What you are asked to do
Reproduce verbatim all of the data given below, but do not carry over the images.

Data

.....

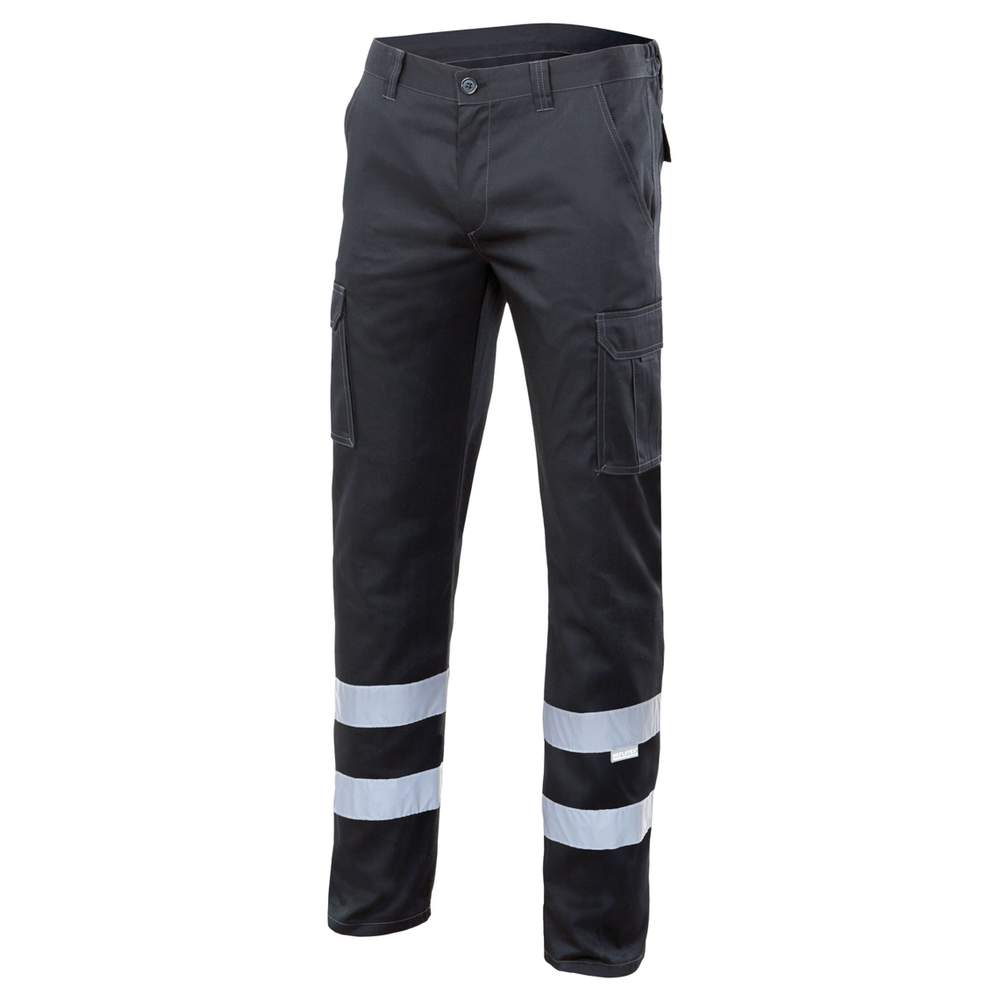 Stretchbroek met meervoudige zakken met reflecterende strepen. Dit model combineert comfort en functionaliteit door zijn doordachte ontwerp en zijn vele zakken. Het is geschikt voor diverse werkomgevingen die een praktische en duurzame kledingstuk vereisen. De centrale ritssluiting met knop biedt een goede grip, terwijl de reflecterende strepen de zichtbaarheid verbeteren in omstandigheden met weinig licht. De contrastrijke naden voegen een esthetische touch toe. De elastische taille biedt extra comfort. De zes zakken bieden optimale opslag van gereedschap en accessoires: 2 Franse zakken, 2 zakken met flap en zelfhechtende streep met glijders, en 2 achterste versterkte zakken met flap en zelfhechtende streep.
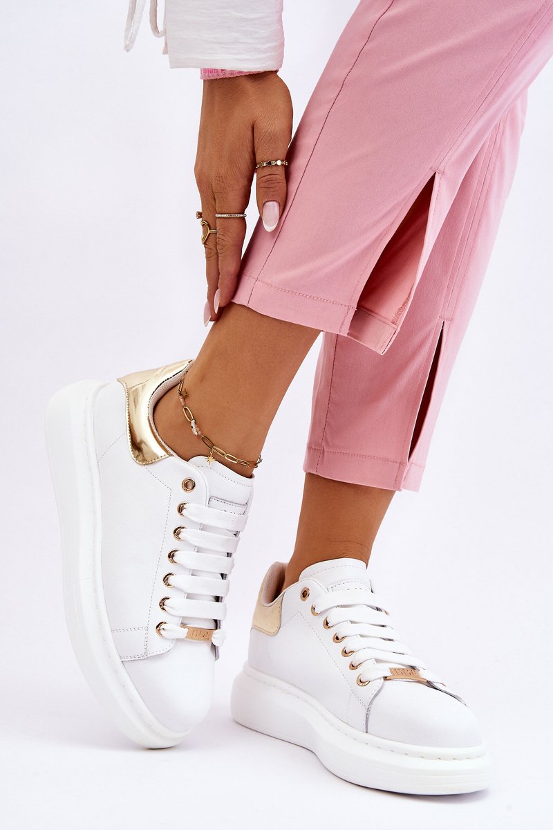 Išskirtiniai GOE sportiniai bateliai, pagaminti iš aukštos kokybės natūralios odos. Batų viršaus gale yra dekoratyvinis, veidrodinis įdėklas su GOE prekės ženklo logotipu. Minkštas, eko odos vidpadis garantuoja komfortą visą dieną. Pastatytas ant platformos. Klasikinis suvarstymas leis tinkamai pritaikyti avalynę pagal pėdos platumą. Būtinai turėkite šį nuostabų modelį savo spintoje! Renkdamiesi dydį, prašome remtis dydžių lentele.
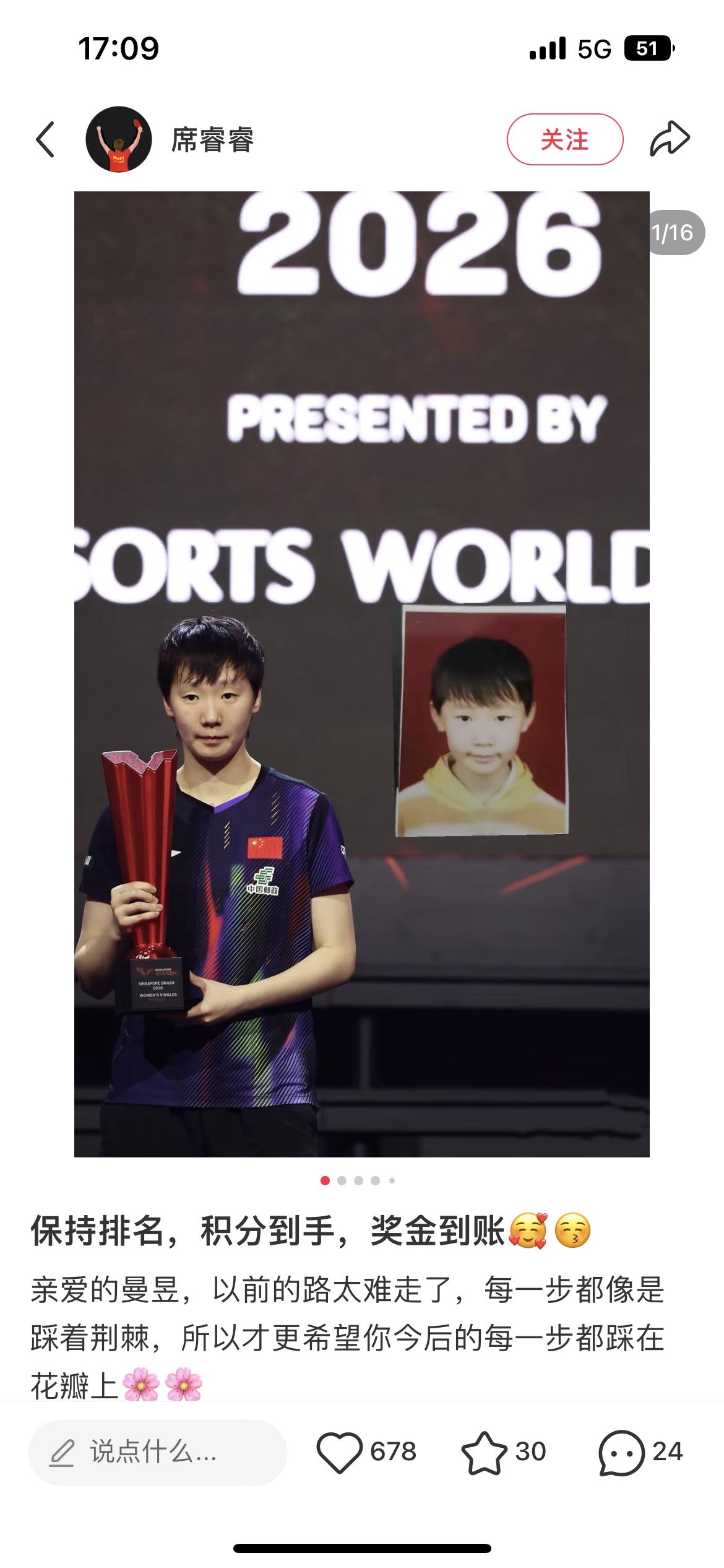 王曼昱哪是没拿冠军呀,王曼昱明明是赢了整个战场! 这站新加坡大满贯她虽没捧起奖杯,可把各国一姐挨个收拾了。新加坡的曾尖3-0横扫,中国台北的郑怡静3-1赢下,韩国的申裕斌首局19-21输后连扳三局逆转,日本的张本美和4-2双杀保持11连胜,德国的温特4-1击败,外协的威胁全被她挡下了。 看她打球特别稳当,申裕斌那场首局输了不慌神,转头变招加强前三板,连拿三局;对张本美和第五局被追平,第六局调整节奏稳稳拿下,关键分处理得比拿冠军的还稳。 这样的曼昱,谁能说她不是这站最大的赢家?

.....

Written answer
 Stretchbroek met meervoudige zakken met reflecterende strepen. Dit model combineert comfort en functionaliteit door zijn doordachte ontwerp en zijn vele zakken. Het is geschikt voor diverse werkomgevingen die een praktische en duurzame kledingstuk vereisen. De centrale ritssluiting met knop biedt een goede grip, terwijl de reflecterende strepen de zichtbaarheid verbeteren in omstandigheden met weinig licht. De contrastrijke naden voegen een esthetische touch toe. De elastische taille biedt extra comfort. De zes zakken bieden optimale opslag van gereedschap en accessoires: 2 Franse zakken, 2 zakken met flap en zelfhechtende streep met glijders, en 2 achterste versterkte zakken met flap en zelfhechtende streep.
 Išskirtiniai GOE sportiniai bateliai, pagaminti iš aukštos kokybės natūralios odos. Batų viršaus gale yra dekoratyvinis, veidrodinis įdėklas su GOE prekės ženklo logotipu. Minkštas, eko odos vidpadis garantuoja komfortą visą dieną. Pastatytas ant platformos. Klasikinis suvarstymas leis tinkamai pritaikyti avalynę pagal pėdos platumą. Būtinai turėkite šį nuostabų modelį savo spintoje! Renkdamiesi dydį, prašome remtis dydžių lentele.
 王曼昱哪是没拿冠军呀,王曼昱明明是赢了整个战场! 这站新加坡大满贯她虽没捧起奖杯,可把各国一姐挨个收拾了。新加坡的曾尖3-0横扫,中国台北的郑怡静3-1赢下,韩国的申裕斌首局19-21输后连扳三局逆转,日本的张本美和4-2双杀保持11连胜,德国的温特4-1击败,外协的威胁全被她挡下了。 看她打球特别稳当,申裕斌那场首局输了不慌神,转头变招加强前三板,连拿三局;对张本美和第五局被追平,第六局调整节奏稳稳拿下,关键分处理得比拿冠军的还稳。 这样的曼昱,谁能说她不是这站最大的赢家?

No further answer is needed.